→ Records supplied
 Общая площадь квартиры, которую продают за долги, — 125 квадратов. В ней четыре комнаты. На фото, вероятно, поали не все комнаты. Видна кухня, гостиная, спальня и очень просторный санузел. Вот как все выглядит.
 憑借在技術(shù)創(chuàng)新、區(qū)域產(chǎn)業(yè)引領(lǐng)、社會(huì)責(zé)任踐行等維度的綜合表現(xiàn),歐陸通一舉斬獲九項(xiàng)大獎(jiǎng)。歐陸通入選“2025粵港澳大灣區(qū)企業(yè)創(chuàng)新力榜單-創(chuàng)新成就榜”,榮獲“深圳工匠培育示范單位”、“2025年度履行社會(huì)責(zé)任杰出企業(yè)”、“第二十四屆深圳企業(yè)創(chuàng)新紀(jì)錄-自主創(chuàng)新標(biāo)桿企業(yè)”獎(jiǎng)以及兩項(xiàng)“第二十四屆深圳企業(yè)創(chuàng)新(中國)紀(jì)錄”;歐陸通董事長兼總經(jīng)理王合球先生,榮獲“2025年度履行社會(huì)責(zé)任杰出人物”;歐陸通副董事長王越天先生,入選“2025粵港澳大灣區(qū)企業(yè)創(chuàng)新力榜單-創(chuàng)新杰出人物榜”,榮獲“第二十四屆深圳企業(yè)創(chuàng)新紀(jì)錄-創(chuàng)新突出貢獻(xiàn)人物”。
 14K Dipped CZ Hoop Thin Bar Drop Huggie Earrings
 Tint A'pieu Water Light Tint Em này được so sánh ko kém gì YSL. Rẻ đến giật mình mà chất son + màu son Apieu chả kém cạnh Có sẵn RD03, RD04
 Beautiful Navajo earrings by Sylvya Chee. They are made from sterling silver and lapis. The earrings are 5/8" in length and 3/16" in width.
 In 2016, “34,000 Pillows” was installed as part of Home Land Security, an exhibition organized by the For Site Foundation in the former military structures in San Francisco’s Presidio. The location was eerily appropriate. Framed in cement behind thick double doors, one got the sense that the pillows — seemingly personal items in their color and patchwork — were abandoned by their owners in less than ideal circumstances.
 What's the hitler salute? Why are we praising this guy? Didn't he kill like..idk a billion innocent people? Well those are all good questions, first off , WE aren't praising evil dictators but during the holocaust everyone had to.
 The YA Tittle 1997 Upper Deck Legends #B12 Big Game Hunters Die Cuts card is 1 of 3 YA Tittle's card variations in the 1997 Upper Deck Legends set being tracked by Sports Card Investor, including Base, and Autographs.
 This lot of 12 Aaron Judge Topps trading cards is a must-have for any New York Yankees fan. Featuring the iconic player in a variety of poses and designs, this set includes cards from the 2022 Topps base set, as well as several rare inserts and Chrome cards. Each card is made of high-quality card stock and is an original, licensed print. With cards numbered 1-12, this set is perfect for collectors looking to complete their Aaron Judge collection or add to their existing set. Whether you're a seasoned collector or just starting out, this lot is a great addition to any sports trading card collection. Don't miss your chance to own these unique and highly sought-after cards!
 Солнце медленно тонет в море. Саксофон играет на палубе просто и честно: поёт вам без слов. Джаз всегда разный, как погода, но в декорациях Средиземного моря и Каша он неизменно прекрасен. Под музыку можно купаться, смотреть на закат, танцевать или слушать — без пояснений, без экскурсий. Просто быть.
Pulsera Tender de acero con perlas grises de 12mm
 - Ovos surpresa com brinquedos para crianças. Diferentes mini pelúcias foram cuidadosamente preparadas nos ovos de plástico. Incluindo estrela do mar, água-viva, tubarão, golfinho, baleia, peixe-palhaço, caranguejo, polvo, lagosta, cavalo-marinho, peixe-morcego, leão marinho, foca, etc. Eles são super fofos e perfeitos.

→ Exercise objective
Beginning with the line that holds "Pulsera Tender de" and ending with the last line of the data, copy each line exactly and add nothing.

→ Result
Pulsera Tender de acero con perlas grises de 12mm
 - Ovos surpresa com brinquedos para crianças. Diferentes mini pelúcias foram cuidadosamente preparadas nos ovos de plástico. Incluindo estrela do mar, água-viva, tubarão, golfinho, baleia, peixe-palhaço, caranguejo, polvo, lagosta, cavalo-marinho, peixe-morcego, leão marinho, foca, etc. Eles são super fofos e perfeitos.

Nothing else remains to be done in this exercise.